On the other hand, when the process proceeds to step S11, that is,
X1 << X2 or Y1 << Y2
In this case, another route, that is, another route 2 is set and the process returns. Then, the process ends when the self-propelled delivery device 200 reaches the home position which is the departure position (step S12).

On the other hand, the control board of the sub-control unit 220 has a circuit for detecting the current value of the battery 240 mounted on the self-propelled delivery device 200, as shown in the block diagram of FIG. This circuit includes a DC power supply 222 connected in series between the battery 240 and the CPU 221 and a power supply detection circuit 223 connected in parallel to the DC power supply 222. In this circuit, if the current value can be detected, the battery voltage is multiplied and the power consumption W2 of the self-propelled delivery device 200 is
W2 = current value × battery voltage.

Further, assuming that the time (X2) required for movement on the movement route 351 from the home position (departure position P1) to the position of the requester 309 (purpose note P2), the energy Y2 actually consumed by the battery 240 on the movement route 351 is ,
Y2 = W2 × X2
It can be calculated by

  Note that the situation of the route that satisfies X1 << X2 in step S8 is, for example, the situation shown in FIG. That is, since there is a hazard on the movement route 304 (route 1) and it is avoided while detecting it, it takes time to move to the position of the requester 309.

  Further, in step S9, the form of Y1 << Y2 and the state of the route are as shown in FIG. 20, for example.

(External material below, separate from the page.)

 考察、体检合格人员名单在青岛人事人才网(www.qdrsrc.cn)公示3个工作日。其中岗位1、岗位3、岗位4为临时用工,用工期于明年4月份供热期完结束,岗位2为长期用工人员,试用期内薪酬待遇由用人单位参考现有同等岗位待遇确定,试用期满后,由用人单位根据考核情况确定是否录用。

That is, there is a long slope 310 on the moving route 303, and it moves on this. If the drive motor 232 of the self-propelled delivery device 200 has sufficient power, even if it moves on the slope 310, the movement time can be moved in the same time as on the plane. However, the torque of the drive motor 232 is necessary and consumed. The current increases.

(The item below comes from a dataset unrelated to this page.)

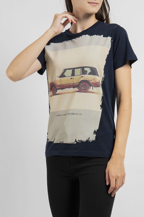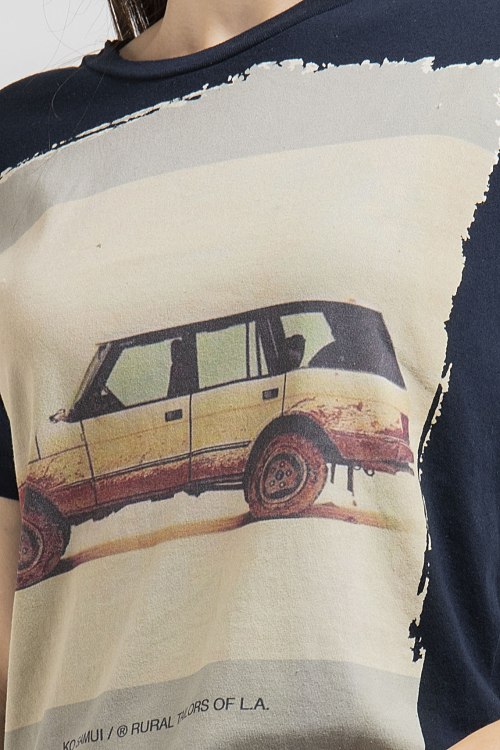 Женская темно-синяя футболка из хлопка от Ko Samui (Ко Самуи). Спереди принт Jeep, круглый вырез горловины, короткие рукава, ровный низ изделия.

  When Step S8 is No and Step S9 is Yes (when X1 << X2 is not Y1 << Y2), in other words, the travel time is not so long, but when the power consumption is large, the consumption like the slope 310 It can be inferred that the route situation increases power.

  By processing in this way, the situation of X1 << X2 or Y1 << Y2 is detected, and the return route from the target position P2 that is the position of the requester 309 to the departure position P1 that is the home position is the forward route 1 If the route is changed to route 2 different from the above, a hazard can be avoided, so that the travel time can be shortened and an increase in power consumption can be prevented.

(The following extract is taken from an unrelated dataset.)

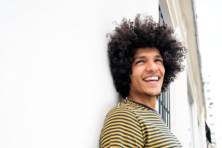 Side portrait of happy handsome young man leaning against white wall and laughing

  In the present embodiment, time and energy consumption are set as physical quantities, but the reason for comparing not only travel time but also power consumption (Y1 and Y2) is the motor input current and rotation speed in FIG. This will be described with reference to a characteristic diagram showing the relationship between the load and the load.

  When the self-propelled delivery device 200 moves up the slope 310 as shown in FIG. 20, the load of the drive motor 232 becomes large. However, in the motor servo control region (the region where the load is 0 to 60 gcm in FIG. 22), the motor rotation Since the number is kept at 1750 rpm, the moving speed does not change. That is, the expected arrival time X1 is equal to the measurement arrival time X2. Therefore, the travel time does not change.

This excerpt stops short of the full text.